Structural and functional analysis of mouse Msx1 gene promoter: sequence conservation with human MSX1 promoter points at potential regulatory elements.

作者信息

Gonzalez S M, Ferland L H, Robert B, Abdelhay E

机构信息

Universidada Federal do Rio de Janeiro, Centro de Ciencias da Saude, Laboratorio de Biologia Molecular Maury Miranda, RJ, Brasil.

出版信息

DNA Cell Biol. 1998 Jun;17(6):561-72. doi: 10.1089/dna.1998.17.561.

Abstract

Vertebrate Msx genes are related to one of the most divergent homeobox genes of Drosophila, the muscle segment homeobox (msh) gene, and are expressed in a well-defined pattern at sites of tissue interactions. This pattern of expression is conserved in vertebrates as diverse as quail, zebrafish, and mouse in a range of sites including neural crest, appendages, and craniofacial structures. In the present work, we performed structural and functional analyses in order to identify potential cis-acting elements that may be regulating Msx1 gene expression. To this end, a 4.9-kb segment of the 5'-flanking region was sequenced and analyzed for transcription-factor binding sites. Four regions showing a high concentration of these sites were identified. Transfection assays with fragments of regulatory sequences driving the expression of the bacterial lacZ reporter gene showed that a region of 4 kb upstream of the transcription start site contains positive and negative elements responsible for controlling gene expression. Interestingly, a fragment of 130 bp seems to contain the minimal elements necessary for gene expression, as its removal completely abolishes gene expression in cultured cells.

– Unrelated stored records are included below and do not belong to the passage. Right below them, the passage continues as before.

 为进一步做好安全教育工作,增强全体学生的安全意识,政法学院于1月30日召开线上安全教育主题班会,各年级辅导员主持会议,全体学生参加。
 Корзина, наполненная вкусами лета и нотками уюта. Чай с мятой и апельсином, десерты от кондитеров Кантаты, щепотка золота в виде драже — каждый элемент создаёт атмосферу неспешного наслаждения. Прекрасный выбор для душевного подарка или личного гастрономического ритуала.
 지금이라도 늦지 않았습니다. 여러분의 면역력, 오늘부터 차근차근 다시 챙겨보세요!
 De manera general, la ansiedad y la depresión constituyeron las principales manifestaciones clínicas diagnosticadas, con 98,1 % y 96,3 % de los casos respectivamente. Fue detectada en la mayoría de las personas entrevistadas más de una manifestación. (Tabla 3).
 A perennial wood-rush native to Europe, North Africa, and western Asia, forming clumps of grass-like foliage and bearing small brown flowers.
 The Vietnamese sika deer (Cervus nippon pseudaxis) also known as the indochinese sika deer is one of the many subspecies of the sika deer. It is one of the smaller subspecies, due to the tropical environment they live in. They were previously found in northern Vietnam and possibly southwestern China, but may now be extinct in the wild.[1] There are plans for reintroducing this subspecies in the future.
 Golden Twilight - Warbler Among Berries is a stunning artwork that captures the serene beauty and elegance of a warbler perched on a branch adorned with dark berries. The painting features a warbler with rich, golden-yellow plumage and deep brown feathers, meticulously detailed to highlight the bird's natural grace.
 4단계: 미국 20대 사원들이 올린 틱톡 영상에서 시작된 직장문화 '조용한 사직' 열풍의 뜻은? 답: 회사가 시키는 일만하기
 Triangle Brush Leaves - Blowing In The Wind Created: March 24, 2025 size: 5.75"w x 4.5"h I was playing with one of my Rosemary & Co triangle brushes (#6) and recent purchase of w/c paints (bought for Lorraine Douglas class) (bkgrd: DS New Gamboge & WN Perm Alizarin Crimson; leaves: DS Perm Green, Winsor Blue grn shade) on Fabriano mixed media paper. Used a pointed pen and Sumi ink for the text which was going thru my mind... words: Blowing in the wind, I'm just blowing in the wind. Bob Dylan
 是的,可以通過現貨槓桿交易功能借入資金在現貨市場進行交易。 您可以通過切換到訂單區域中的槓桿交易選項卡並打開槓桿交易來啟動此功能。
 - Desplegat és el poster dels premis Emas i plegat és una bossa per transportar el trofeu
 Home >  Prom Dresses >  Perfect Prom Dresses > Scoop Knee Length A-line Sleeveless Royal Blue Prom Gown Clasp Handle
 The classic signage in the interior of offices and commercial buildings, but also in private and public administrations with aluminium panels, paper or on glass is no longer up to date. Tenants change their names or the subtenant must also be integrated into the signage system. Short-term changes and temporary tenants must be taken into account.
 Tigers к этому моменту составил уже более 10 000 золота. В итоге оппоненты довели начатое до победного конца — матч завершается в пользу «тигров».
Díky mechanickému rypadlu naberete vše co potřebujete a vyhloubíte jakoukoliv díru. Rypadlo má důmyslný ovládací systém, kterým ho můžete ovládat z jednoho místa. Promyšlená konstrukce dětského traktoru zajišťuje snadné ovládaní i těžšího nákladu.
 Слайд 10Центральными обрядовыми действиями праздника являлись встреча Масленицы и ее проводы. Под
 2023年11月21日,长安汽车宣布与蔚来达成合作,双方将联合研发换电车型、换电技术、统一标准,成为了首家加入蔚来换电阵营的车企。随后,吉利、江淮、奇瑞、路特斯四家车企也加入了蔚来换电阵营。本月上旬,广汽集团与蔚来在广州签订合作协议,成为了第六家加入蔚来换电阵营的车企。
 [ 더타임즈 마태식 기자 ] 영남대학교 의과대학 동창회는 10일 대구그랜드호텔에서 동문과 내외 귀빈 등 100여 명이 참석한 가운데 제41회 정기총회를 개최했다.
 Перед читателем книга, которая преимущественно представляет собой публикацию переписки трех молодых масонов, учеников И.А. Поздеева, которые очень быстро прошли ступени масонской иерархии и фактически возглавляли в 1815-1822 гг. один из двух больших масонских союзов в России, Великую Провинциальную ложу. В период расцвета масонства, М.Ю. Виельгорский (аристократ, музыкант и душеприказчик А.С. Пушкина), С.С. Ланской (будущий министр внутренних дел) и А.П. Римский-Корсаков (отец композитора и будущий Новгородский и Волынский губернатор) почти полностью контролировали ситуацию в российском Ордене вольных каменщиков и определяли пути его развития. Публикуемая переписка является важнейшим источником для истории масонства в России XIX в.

These results are reinforced by comparison of this region with the human Msx1 gene promoter, which shows extensive conservation, including many consensus binding sites, suggesting a regulatory role for them.

摘要

脊椎动物的Msx基因与果蝇中差异最大的同源异型盒基因之一——肌肉节段同源异型盒(msh)基因相关,并在组织相互作用部位以明确的模式表达。这种表达模式在鹌鹑、斑马鱼和小鼠等多种脊椎动物中,在包括神经嵴、附肢和颅面结构在内的一系列部位都是保守的。在本研究中,我们进行了结构和功能分析,以确定可能调控Msx1基因表达的潜在顺式作用元件。为此,对5'侧翼区的一个4.9 kb片段进行了测序,并分析了转录因子结合位点。鉴定出四个这些位点高度集中的区域。用驱动细菌lacZ报告基因表达的调控序列片段进行转染分析表明,转录起始位点上游4 kb的区域包含负责控制基因表达的正性和负性元件。有趣的是,一个130 bp的片段似乎包含基因表达所需的最小元件,因为去除它会完全消除培养细胞中的基因表达。通过将该区域与人类Msx1基因启动子进行比较,这些结果得到了加强,二者显示出广泛的保守性,包括许多共有结合位点,表明它们具有调控作用。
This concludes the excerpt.